The Crime and Policing Bill, for instance,  introduces the welcome new offence of Child Criminal Exploitation to target the perpetrators and gangs who groom and abuse children for criminal gain, but the Bill itself won’t create additional specialist support for young victims. The Victims’ Code of Practice update, currently under consultation by the Ministry of Justice, offers a much-needed focus on child victims of crime, including exploitation. However, here too, such a focus would still leave children alone in dealing with the mental health aftermath without an investment into the right type of support and recovery. And while the new Youth Futures Hub pilots may help to divert children away from crime through also their mental wellbeing component, the offer doesn’t seem to include clinical services or be tailored to criminal exploitation victims.

Conclusion 

While these developments are welcome, they also still leave a genuine provision gap for some of the most vulnerable and traumatised children. Without therapeutic support, the risk of ongoing harm stays high – as does the risk of government not properly achieving its objectives to crack down on exploitation and safeguard children.  
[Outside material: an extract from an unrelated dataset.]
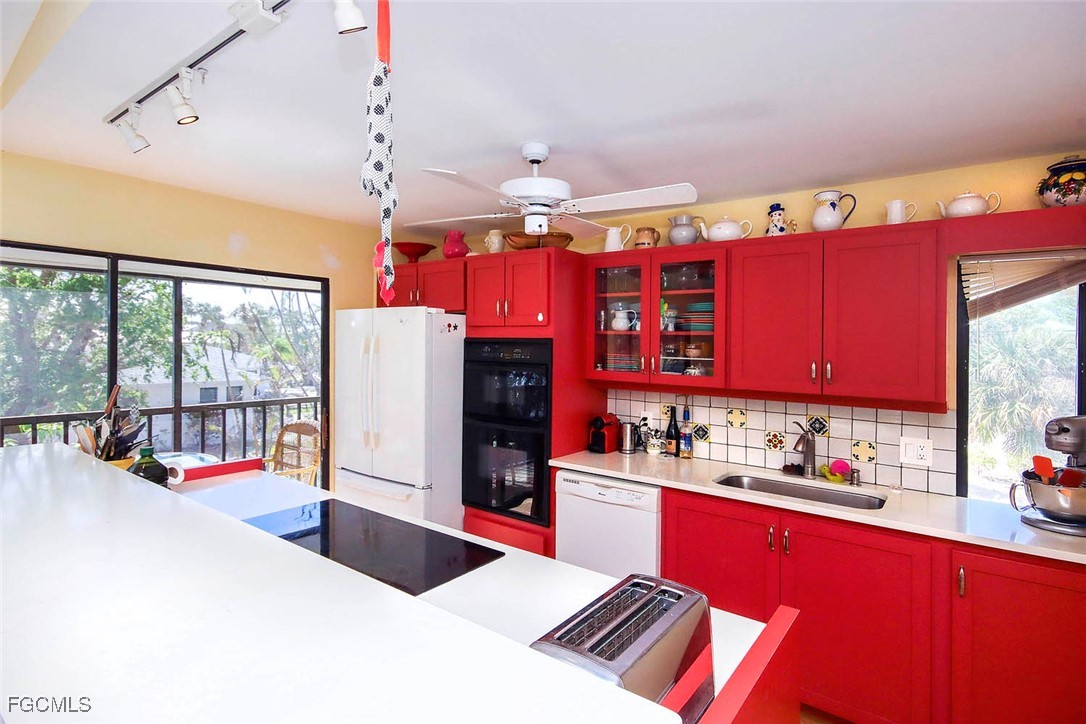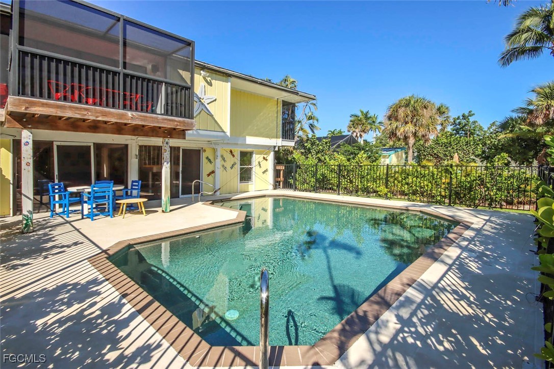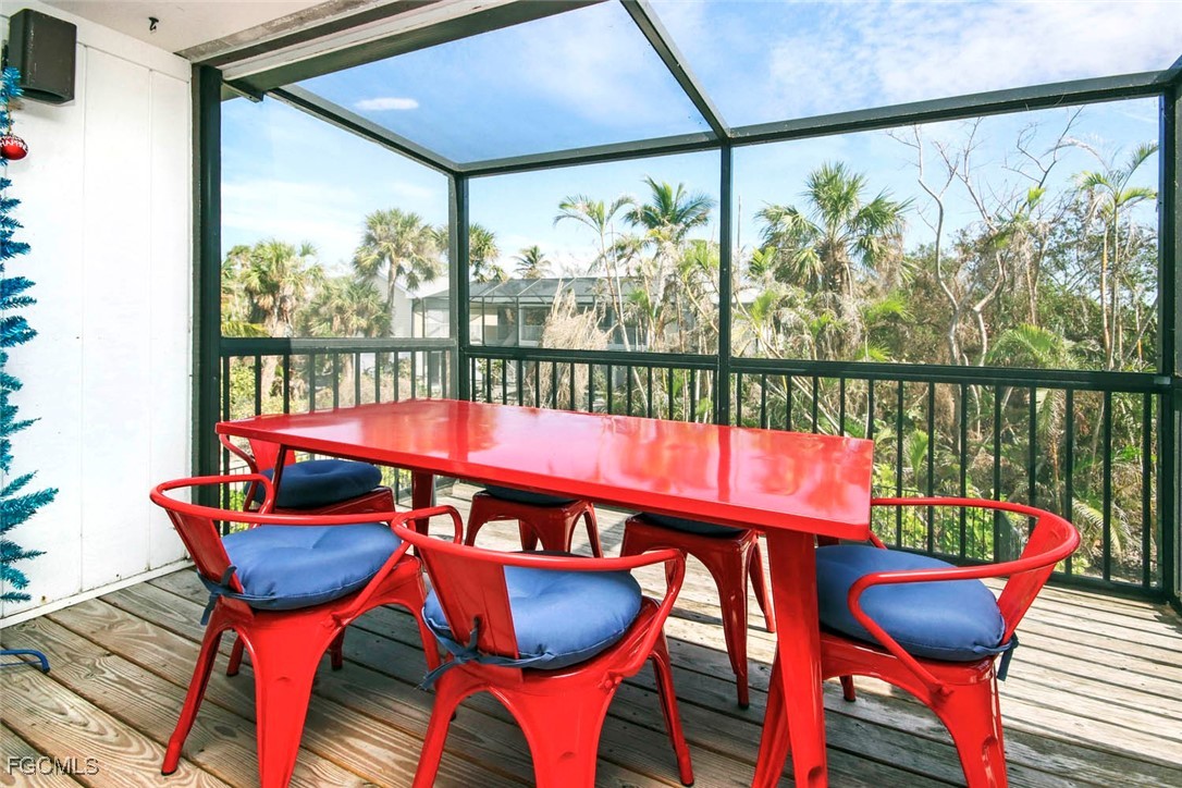Discover the charm of island living in this light-filled coastal cottage, with a distinct treehouse ambiance. Thoughtfully designed with custom cabinetry in every room, this residence blends craftsmanship with relaxed tropical living. Featuring 2 bedrooms and 2.5 baths, each space opens to its own screened porch, inviting gentle breezes and seamless indoor–outdoor living. The remodeled kitchen (2017) boasts quartz countertops, new cabinetry, and a bright, airy atmosphere ideal for casual coastal dining. Bedrooms feature hardwood floors and plantation shutters, enhancing the home’s warm, island-inspired character. A unique atrium-style entrance anchors the split floor plan, creating exceptional privacy by separating public and private living areas with a lush, light-filled foyer. Ample storage includes two generous closets on the main level, with even more potential below. Located just a short stroll from the Donax Beach access, this ideally situated property offers effortless proximity to restaurants, shelling, biking, boating, and quick on- and off-island travel. Artful, tropical, and truly one-of-a-kind, this enchanting retreat is perfectly suited as a full-time residence or an exceptional investment property.

In December the government, rightly, announced up to £50 million of Department for Health and Social Care funding for specialist therapeutic support for child victims of sexual abuse (CSA) and sexual exploitation (CSE) as part of its VAWG Strategy. What’s needed now is that same political will to invest in specialist mental health provision – not as an afterthought but as a pivotal part to help draw the line on child criminal exploitation for good.